The division for which he is responsible and brings with him is the division of Jesus follower versus the rest of the earthly believers. … A division that may put us at odds even with those we love the most. … And that, my friends, can be terrifying.
So, again, I ask, just what is that we are to do with today’s gospel. A gospel that both casts judgement us as being hypocritical, earthly dwellers, but also tells us that there is a path, a way through the difficult challenges this world presents us.
We can all acknowledge that we live in a difficult time. I don’t feel qualified to decide whether it’s any more divisive of an age than any other, but it sure seems so in my short four and a half decades on this earth.
I don’t think it’s an exaggeration to say that society seems to be tearing itself apart, and the divisions are many: politics, religious disagreements, international discord, fights over the environment, abortion, access to health care … and this list goes on.
But the radical question I have for you is: What if it is Jesus himself that is responsible for these divisions? ... What if in our arrogance we’ve assumed that the “other” side is to be blamed … when after all it was Christ himself exposing us for the hypocrites we really are?
As Luther professor Dr.

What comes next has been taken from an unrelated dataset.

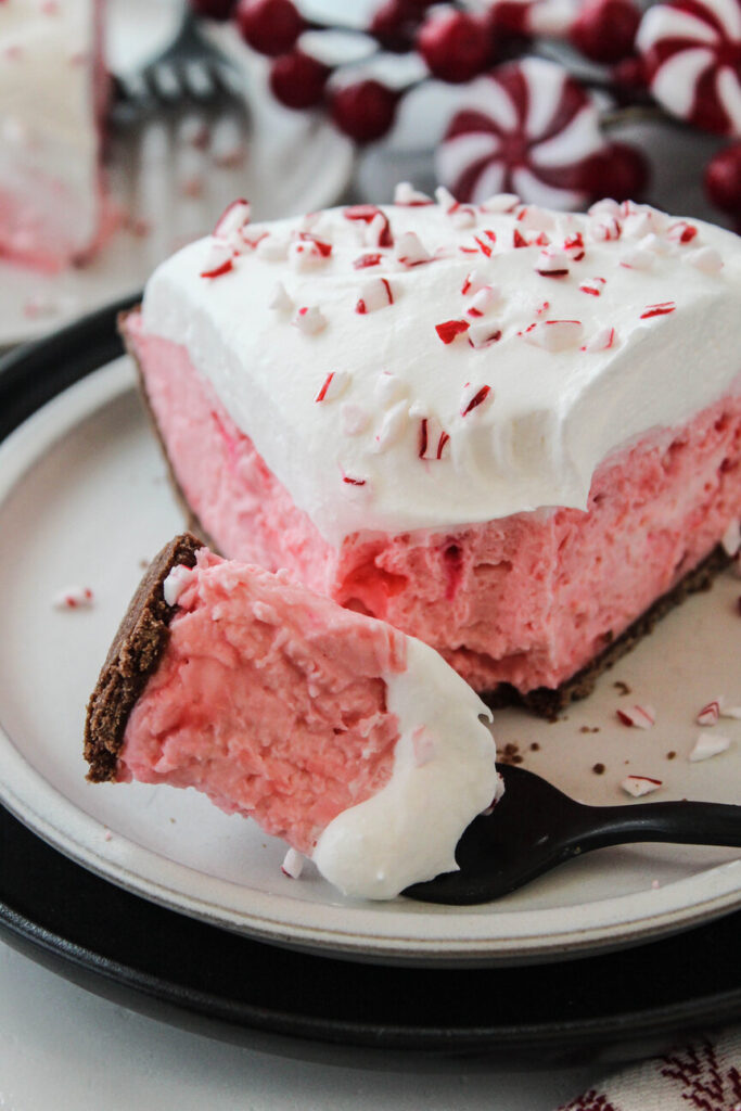 I don’t love the way these pictures turned out so let the pretty pink in this No Bake Peppermint Pie convince you into making it! If you like peppermint, I think you’ll love Peppermint Bark Cups, White Chocolate Peppermint Oreos, Peppermint Cheesecake Dip, Mini Peppermint Cheesecakes, and Peppermint Bark Fudge, too!

Michael Chan recently wrote in a commentary based on this gospel passage: “But those moments of crisis call us to cling to Christ, thank him for his fire, and acknowledge that he is present, exposing us for what we are, and ultimately offering us the gift of true peace.”
Yes, today’s gospel reminds us that Christ brings his fire to this earth to expose all that is wrong with it. … But Jesus also brings his peace to us as well, and in this age when the divisiveness feels so acute, that is what we must cling to.
And that is the good news for this Sunday. … Amen.